How one Hillyard apartment complex has redefined itself
SPOKANE, Wash. — Today Regal Arms apartments in Hillyard is a far cry from what it was just a few years ago.
“We had a lot of drugs and stuff going on here,” said community manager, Susan Prindiville.
Just three years ago, she says having a car stolen out of the parking lot wasn’t all that uncommon and the place’s reputation wasn’t a good one.
“I had a resident once tell me, why are you worrying about what we are doing,” said Prindiville, “we live in a ghetto. I took that home with and thought about it all night.”
But then Prindiville entered the picture and earned herself the nickname, the ‘Pitbull with Lipstick” because she was nice but tough in her efforts to turn around the apartment complex.
“Regal arms used to be a very hard place to live,” she said, “but its not anymore.”
She signed the low-income apartment complex up for the C.O.P.S Crime Free Multi-Housing Program, which is funded by the Spokane Police Department and the City of Spokane.
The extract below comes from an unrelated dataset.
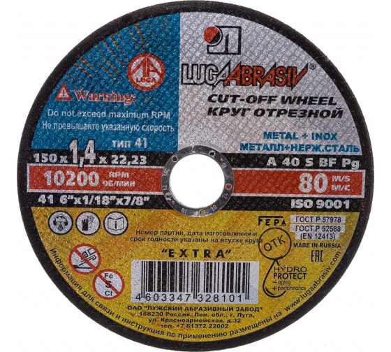Круг отрезной по металлу и нерж. ЛУГА Extra 150*1,4*22мм в Комсомольск-на-Амуре
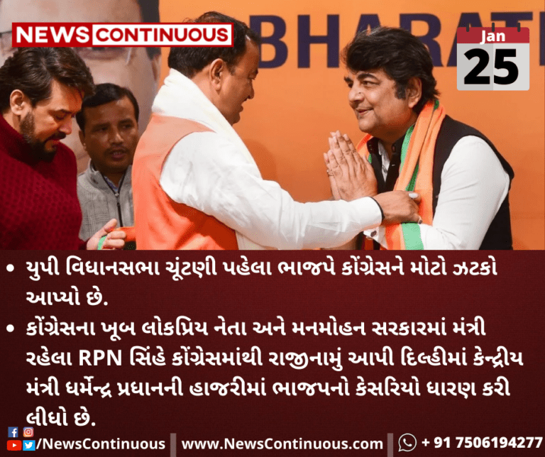 કોંગ્રેસના ખૂબ લોકપ્રિય નેતા અને મનમોહન સરકારમાં મંત્રી રહેલા RPN સિંહે કોંગ્રેસમાંથી રાજીનામું આપી દિલ્હીમાં કેન્દ્રીય મંત્રી ધર્મેન્દ્ર પ્રધાનની હાજરીમાં ભાજપનો કેસરિયો ધારણ કરી લીધો છે.

“Just because you are in a lower income bracket, that doesn’t mean you aren’t the same type of people that are living in the $50-60,000 income bracket,” she said.
And so began the property’s new lease on life.
“We made the apartments so nice that it wasn’t a safe haven for folks who didn’t want to live in a good home,” said Prindville.
As part of the police supported program, a designated officer began making the rounds around the apartment complex and reaching out to the residents developing contacts and establishing relationships.
“It works because they know me and they trust me,” said Scott Hice, a Neighborhood Action Resource Officer, “they might have been a little wary of police, to begin with.”
From there a number of arrests were made and the area began to get a little safer, but the transformation didn’t end there. Prindville says she took all the legal steps required to evict a number of nuisance residents. She says five were forcefully evicted and four others chose to leave.
Through her hard work, and through the willingness of the complex’s residents to change the area’s reputation police have seen a notable improvement.
“Calls for service out of this complex have gone from about 22-25 a month to about 2 or 3,” said Hice.